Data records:

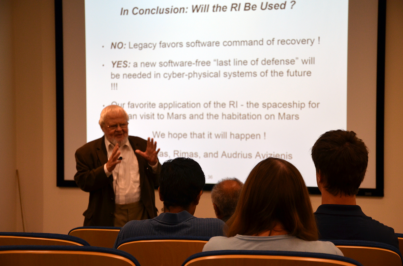 Alumnus and Professor Algirdas Avizienis (BSEE '54, MSEE '55, PhD '60) presented a guest lecture, "Software-free resilience infrastructure for cyber-physical systems."
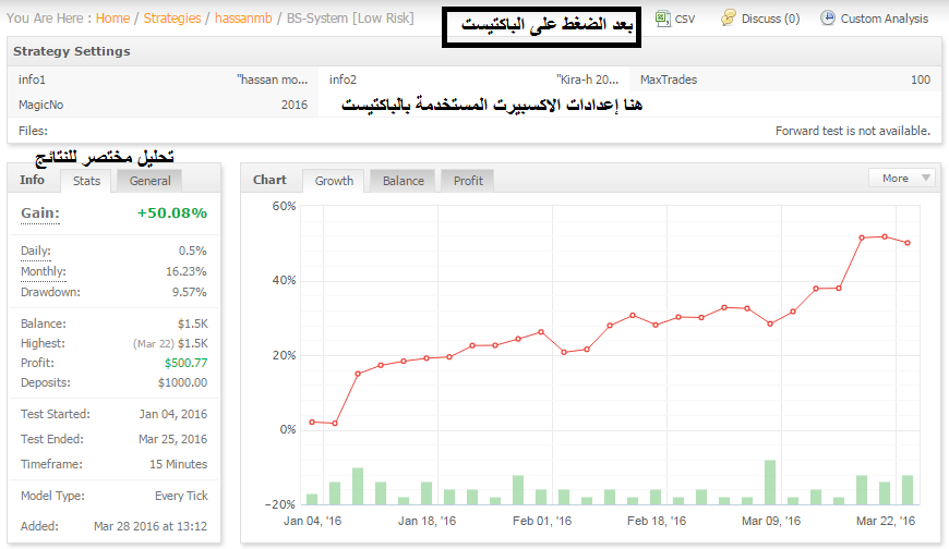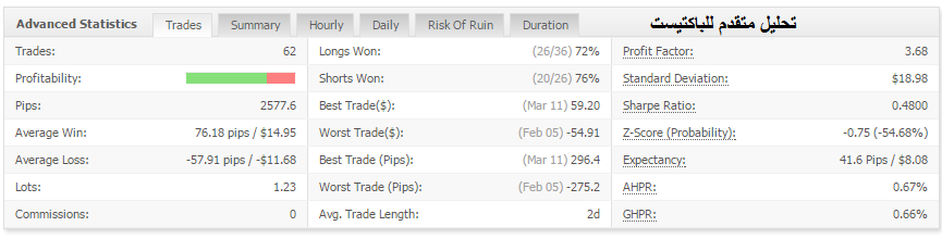 لكن الموقع يعطيك تحليل افضل للباكتيست
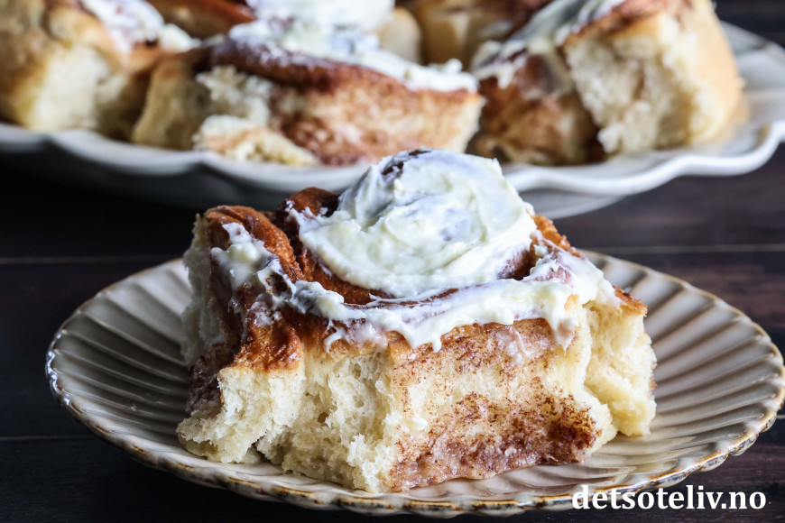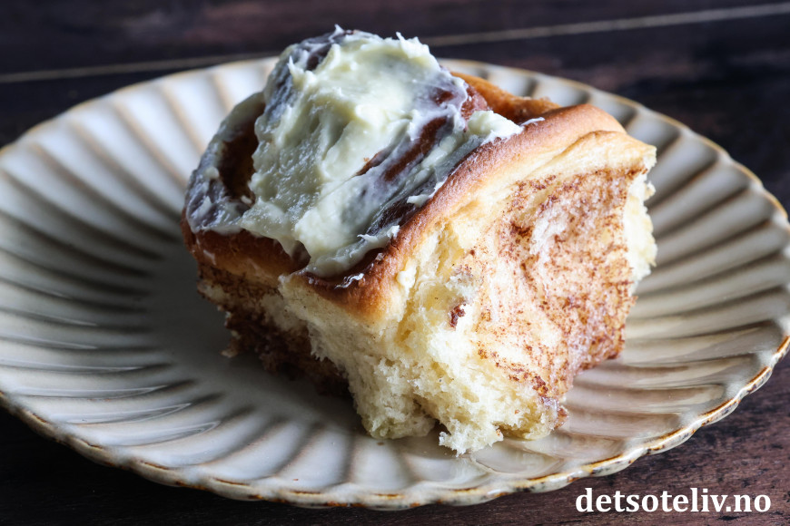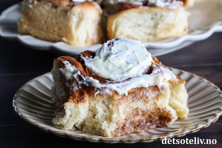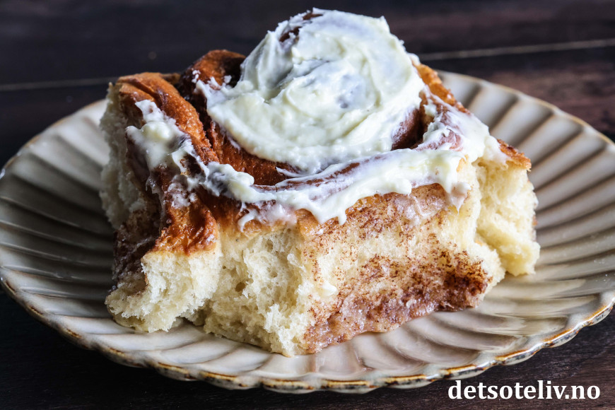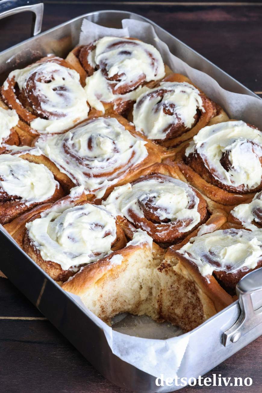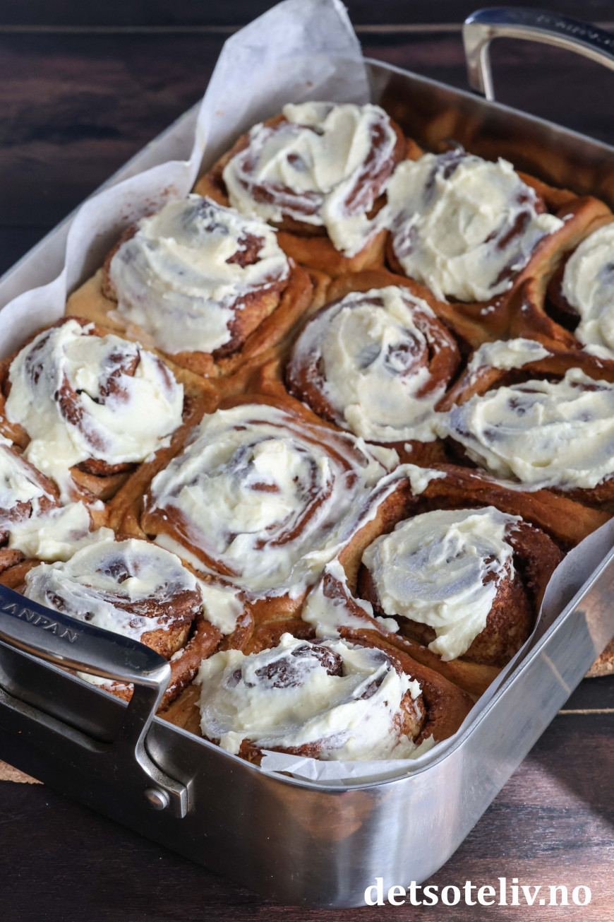 Jeg har tatt utgangspunkt i min favorittoppskrift på Verdens beste kanelboller, men har halvert oppskriften og gjort noen justeringer ved å bruke mer kanelfyll og toppe bollene med ostekremglasur.
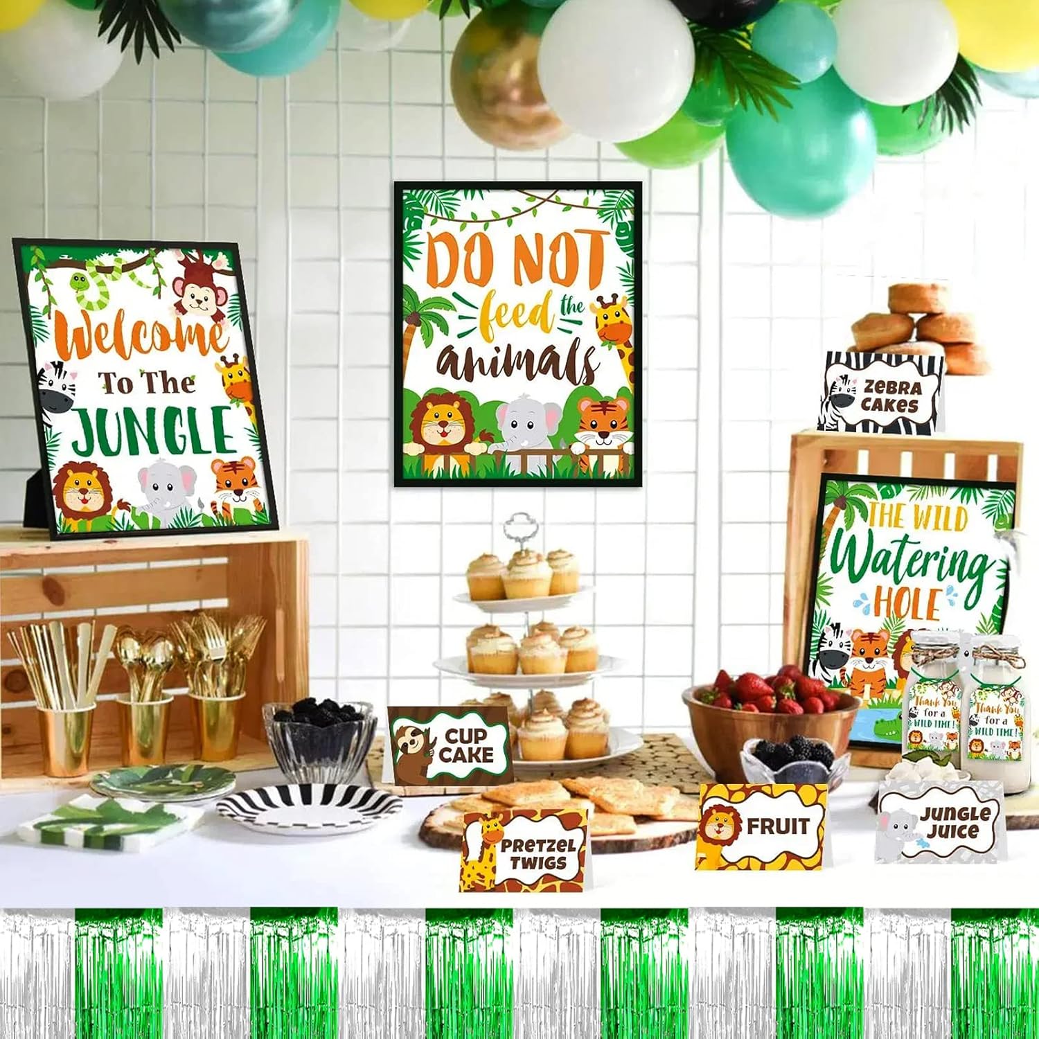 4 Pack 29x108 Inch Metallic Foil Fringe Tinsel Table Skirts for Rectangle Tables Streamer Backdrop for Wedding, Birthday, Parade Floats, Christmas, Halloween Party Decoration(Silver Green)
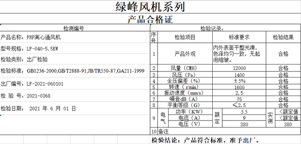 上面介紹的就是常規風機合格證上面所記載的內容,如果風機為特殊類型在合格證上還需要加上一些特殊的檢測項目。如玻璃鋼阻燃風機,在檢測項目中需要加上阻燃性能測試。

Problem statement: Please transcribe, word for word, every line from the first line of the records above through the line containing "لكن الموقع يعطيك تحليل افضل للباكتيست", and leave out any pictures.

Result:
 Alumnus and Professor Algirdas Avizienis (BSEE '54, MSEE '55, PhD '60) presented a guest lecture, "Software-free resilience infrastructure for cyber-physical systems."
 لكن الموقع يعطيك تحليل افضل للباكتيست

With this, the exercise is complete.